06how this fits into a ide or internal console
putting this together, a minimal "evaluation" experience in your tool might have:
eval sets
per workflow (e.g., research-brief, support-summary, code-review). 20–50 real examples each, stored and versioned.
models under test
a simple way to select which llms to compare for that workflow. for each eval run, the tool stores outputs per (input, model).
judge council
3–5 models that act as critics. configurable judging prompts per workflow. automatic a/b pairing and anonymization.
run evaluation
one button / api call to: generate outputs, run blind a/b judging, aggregate results.
results view
win-rates per model. interesting examples with side-by-side outputs. optional breakdowns (e.g., long vs short inputs).

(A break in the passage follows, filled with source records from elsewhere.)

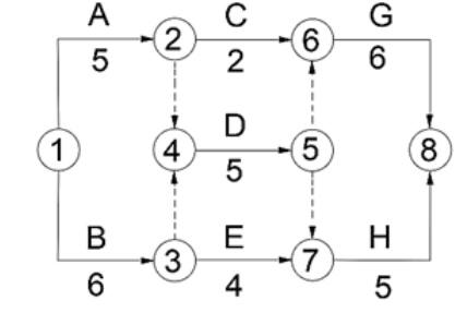 [多选题]某双代号网络计划如下图,其关键工作有( )。 题81图
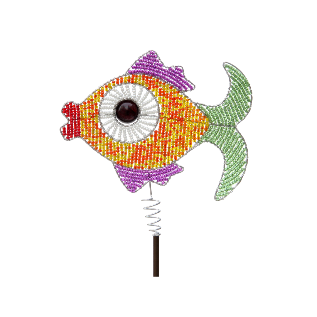 - Colorful Beaded Fish Garden Stake – Handmade Haitian Outdoor Art Decor.
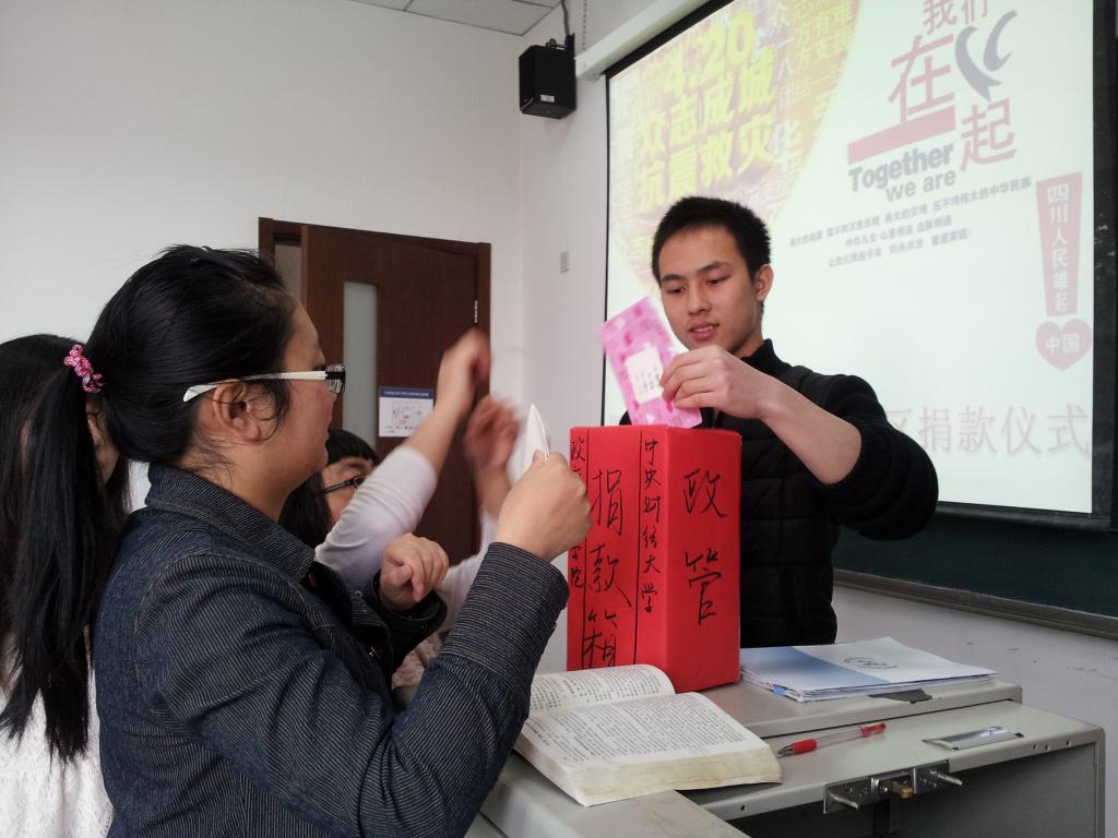 4月24日上午10点,沙河校区主教302由今年会jinnianhuicom国际政治12班举行了短暂的为四川地震灾区募捐活动。4月20日,四川省雅安市发生7.0级地震,之后大小余震接二连三,灾区的实时消息无不牵动着每位国人的心。因此,今年会jinnianhuicom国际政治12班同学联合发起号召向灾区募捐,用微薄之力表达爱心。
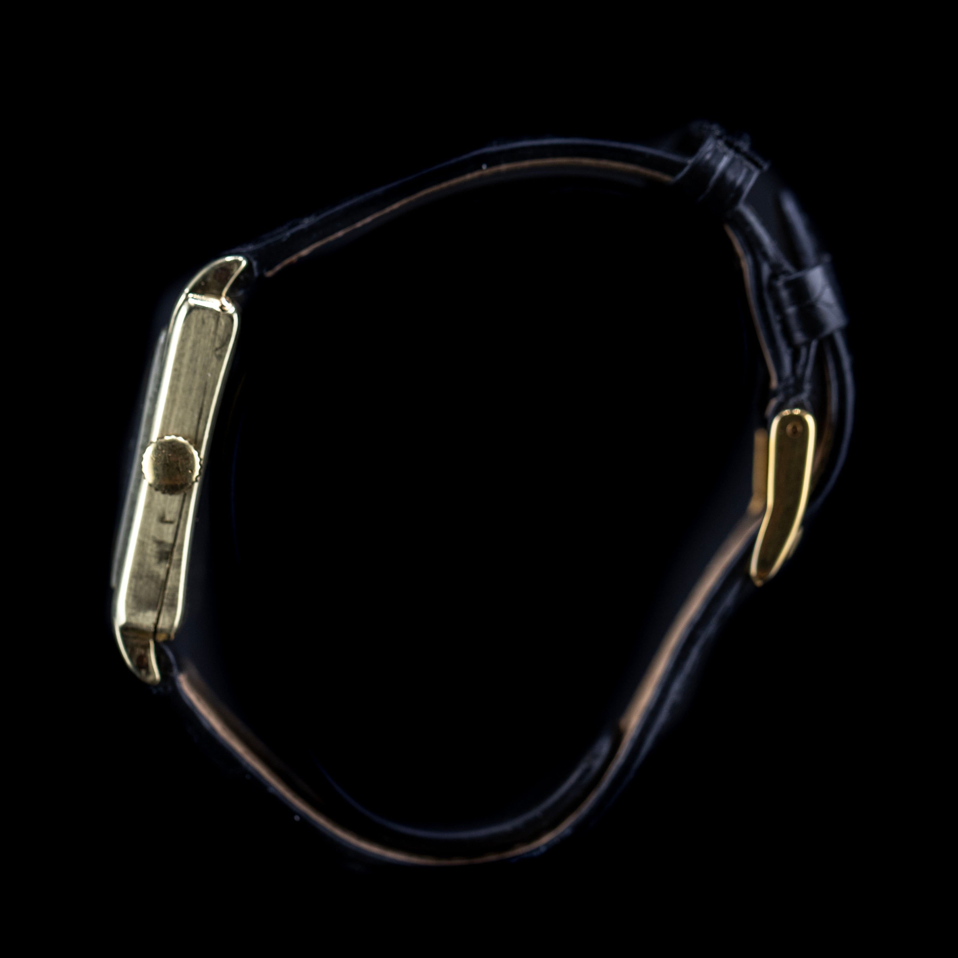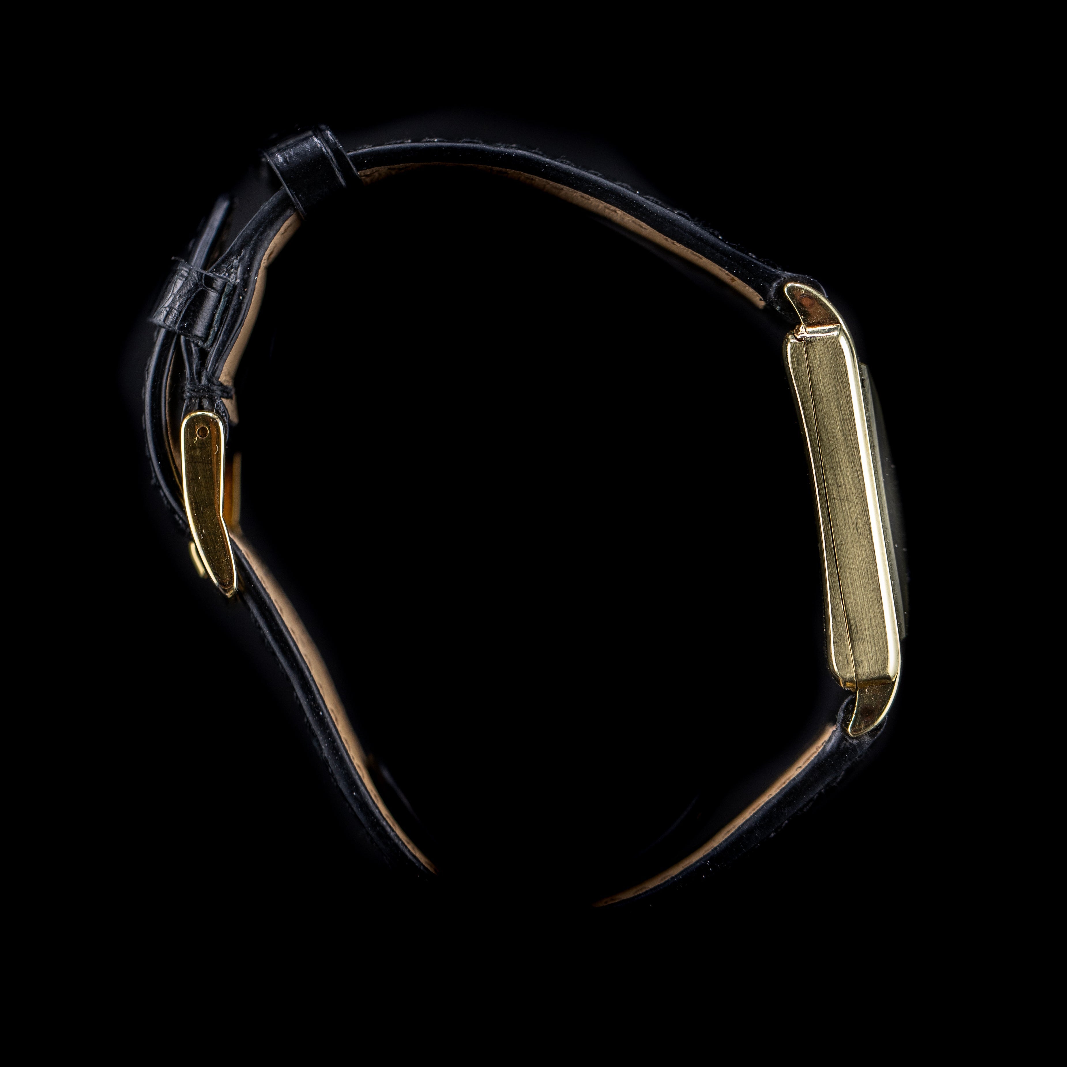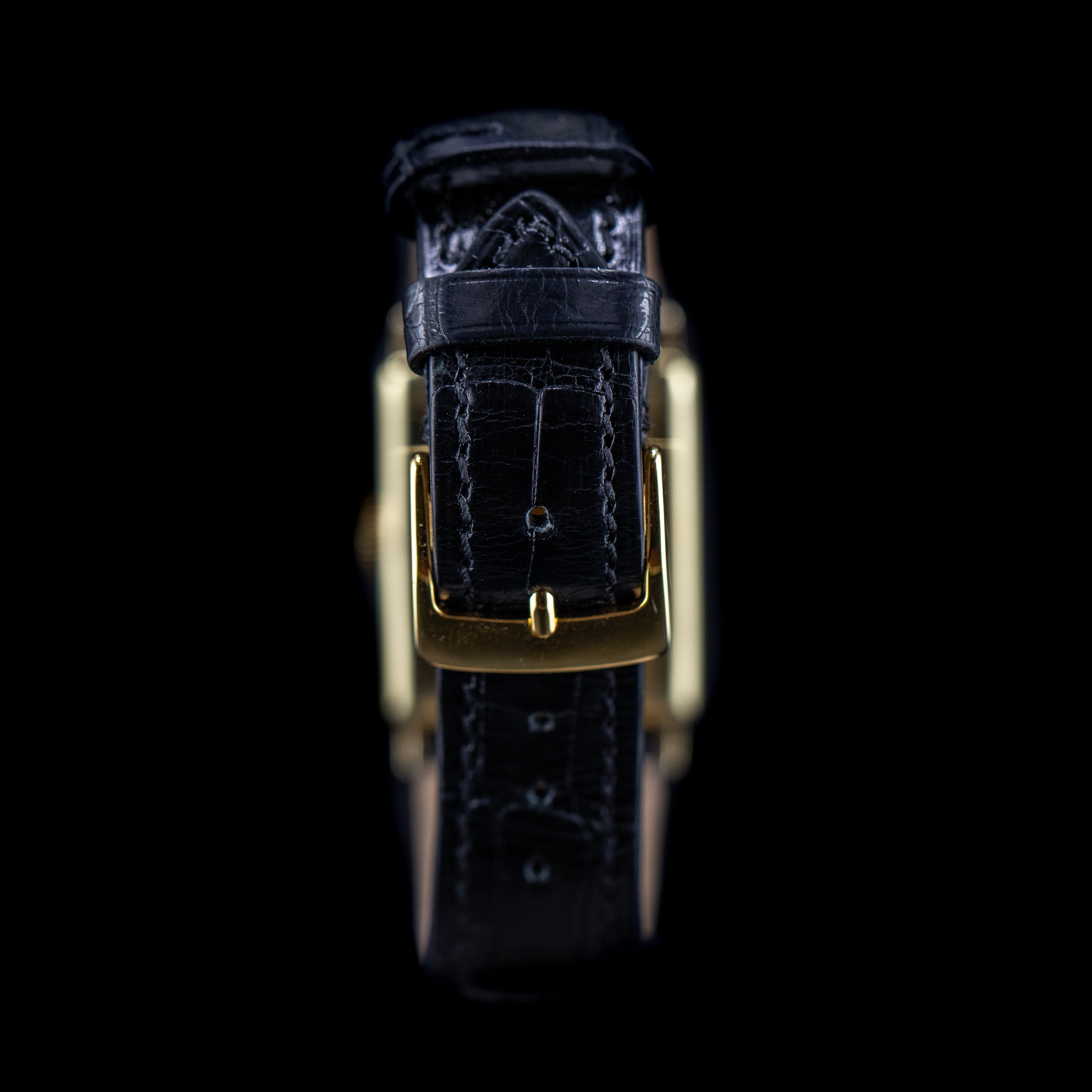 Taillée dans un somptueux or jaune 18 carats, cette Gondolo se distingue par son boîtier rectangulaire aux lignes nettes et équilibrées, typiques de la collection Gondolo, inspirée des codes esthétiques Art déco. Les proportions sont harmonieuses et raffinées, pensées pour épouser naturellement le poignet tout en affirmant une présence discrète mais assurée.
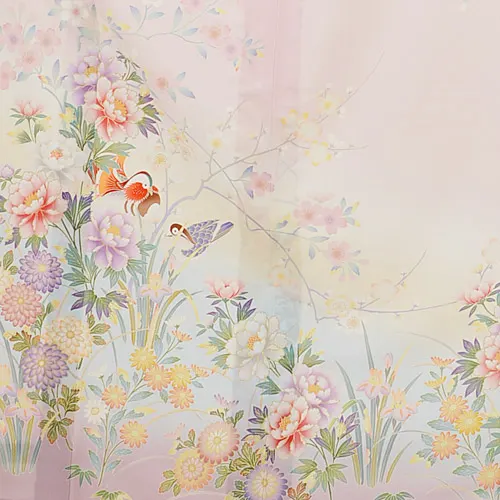 夏訪問着 単衣 t0088 JAPAN STYLE ピンク紫ぼかし花
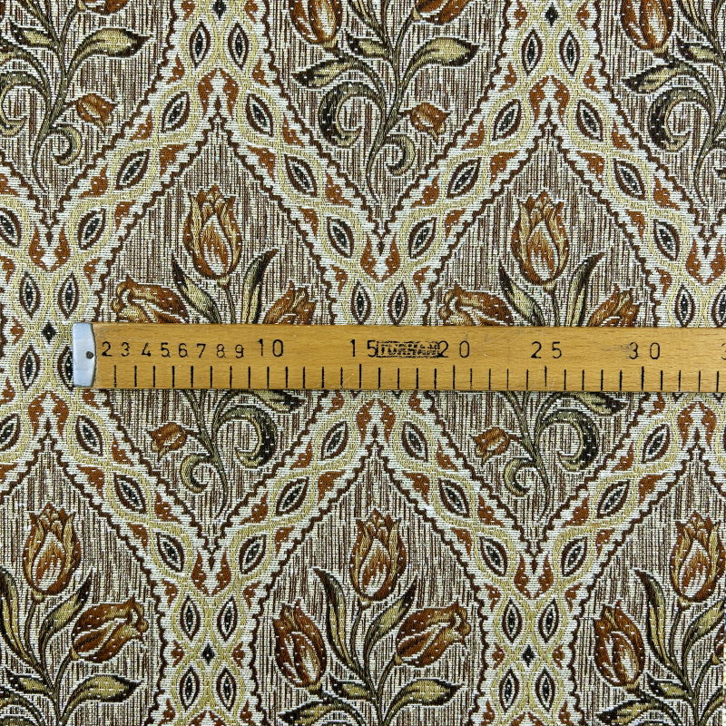 Dekorační/potahová gobelínová látka Asetat - TFY 327 je krásná tkanina, která vyniká svým bohatým a sofistikovaným vzorem. Tento design zahrnuje opakující se motivy květin, konkrétně tulipánů, v odstínech hnědé a zelené. Květy jsou uspořádány do šestiúhelníkových rámců, které jsou lemovány geometrickými tvary v béžových, hnědých a modrých barvách. Toto uspořádání vytváří harmonický a esteticky příjemný vzor, který přitahuje pozornost.
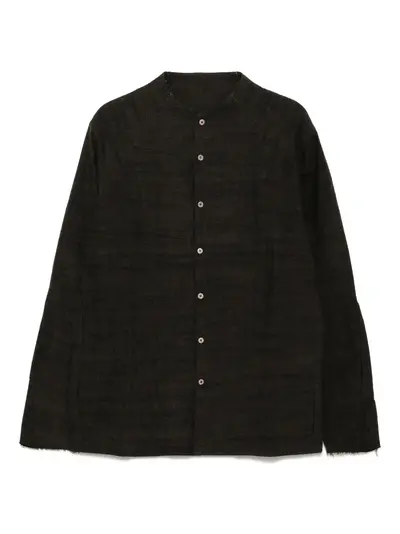 dark brown front button fastening collarless buttoned-cuff sleeves
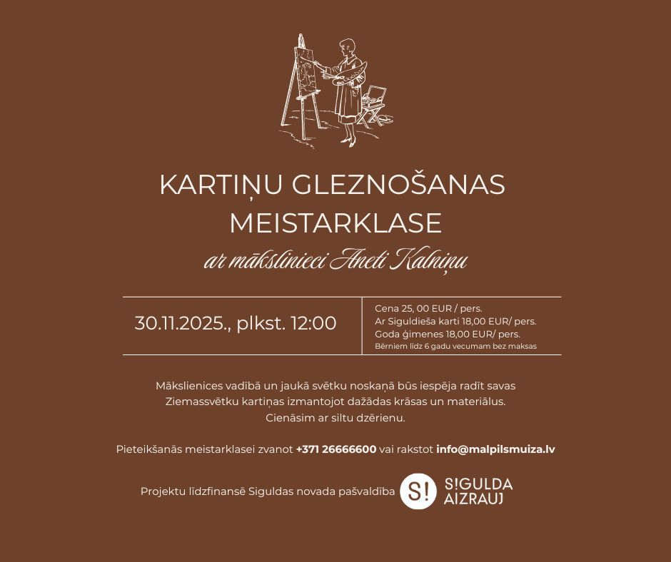 Pieteikšanās +371 26666600 vai info@malpilsmuiza.lv
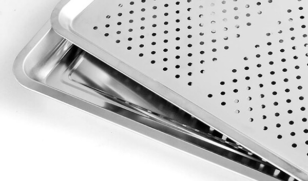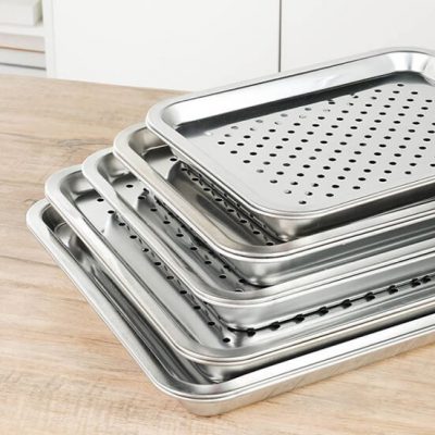 - Chất liệu: Inox 304 giúp khay luôn sáng bóng, không han gỉ, chống ăn mòn, chịu lực, chịu nhiệt tốt.
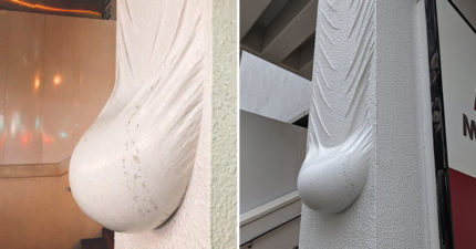 大樓牆壁「突然大肚子」 他忍不住伸手一摸出乎預料
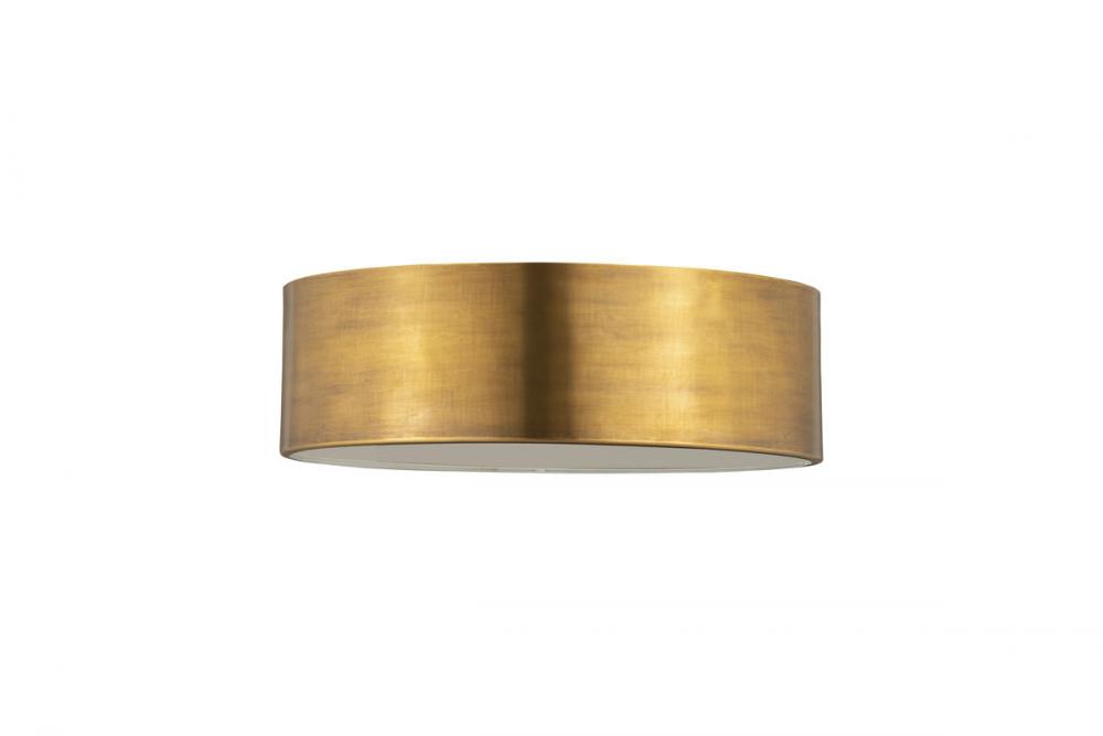 Inspiring with an easy, casual feel, the Harley modern three-light flushmount ceiling light delivers simple elegance with a hint of industrial design elements. A simple ring silhouette forms its drum shade made of warm rubbed brass finish steel, creating a versatile fixture for a low-key but tasteful look in a kitchen, dining space, or living area.
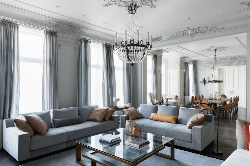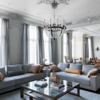 Important. Do not forget that the style of the living room must be combined with the general design concept of the house or apartment. The gray color in the design will emphasize the taste and elegance of the created environment, add warmth and comfort to any room.
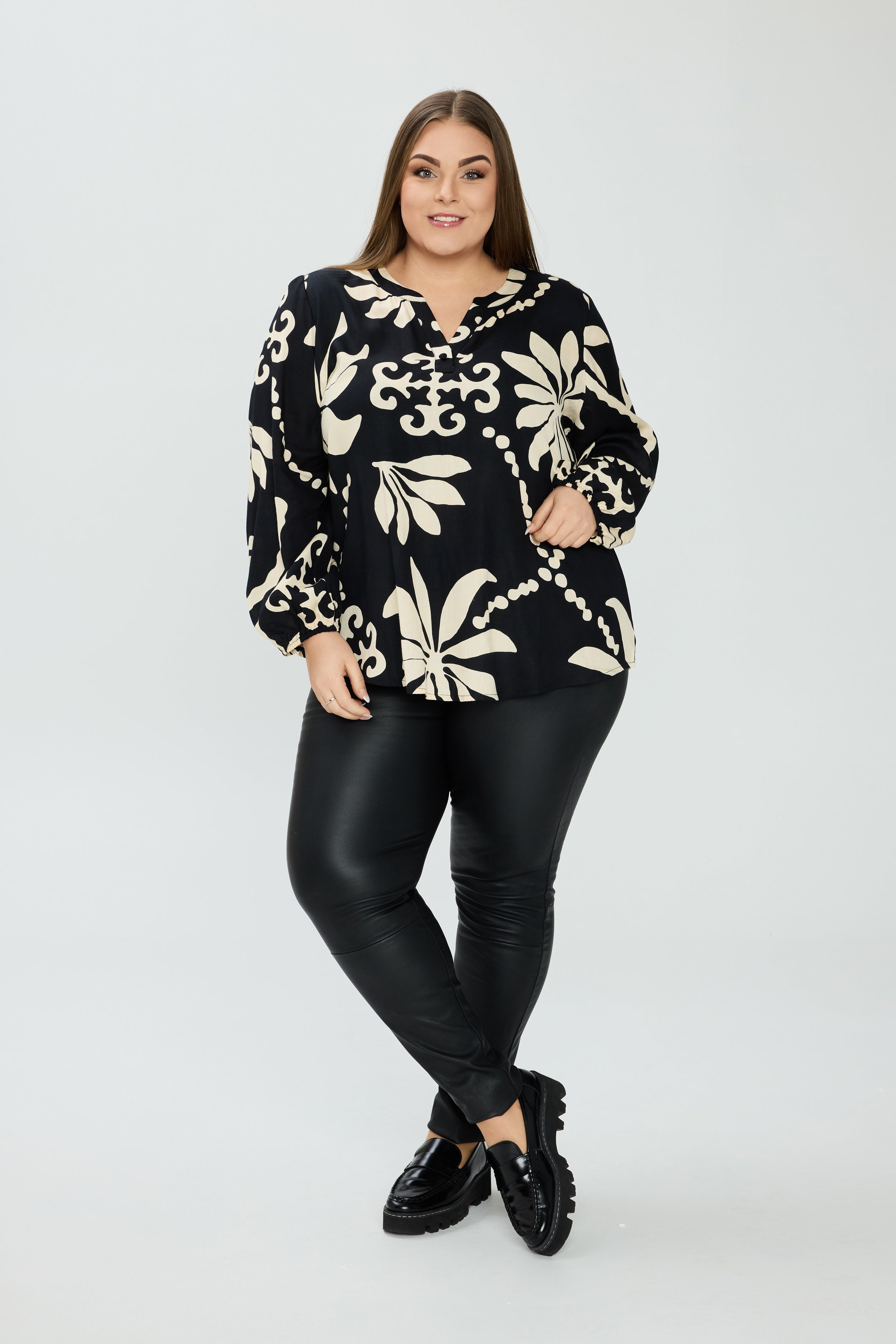 Elegant bluse fra NO. 1 BY OX med en elegant v-udskæring med en enkel knap foran, som tilføjer et let og feminint touch. De lange ærmer afsluttes med elastikkant, der tilføjer en fin balloneffekt til ærmet.

that's enough functionality to move you from "we eyeballed it" to "we have a repeatable way to compare llms for each workflow we own."
07if you want to start this week
you can prototype the pattern even before your tooling fully supports it:
- 1pick one workflow
the one that gets the most "do we really need this expensive model?" questions.
- 2save 20–30 real inputs
throw them in a repo or a simple json file. treat it as the eval set.
- 3run 2–3 models
your default, a cheaper alternative, and (if relevant) a local one.
- 4use 3 judge models
call them manually or via a script with blind a/b prompts.
- 5review high-disagreement cases
look at where the judges strongly prefer one model, and decide what you'd do if this were hooked into your platform.
once that feels useful, the next step is obvious: bake these steps into your middleware or ide, so evaluation isn't a side project—it's just part of how your llm workflows work.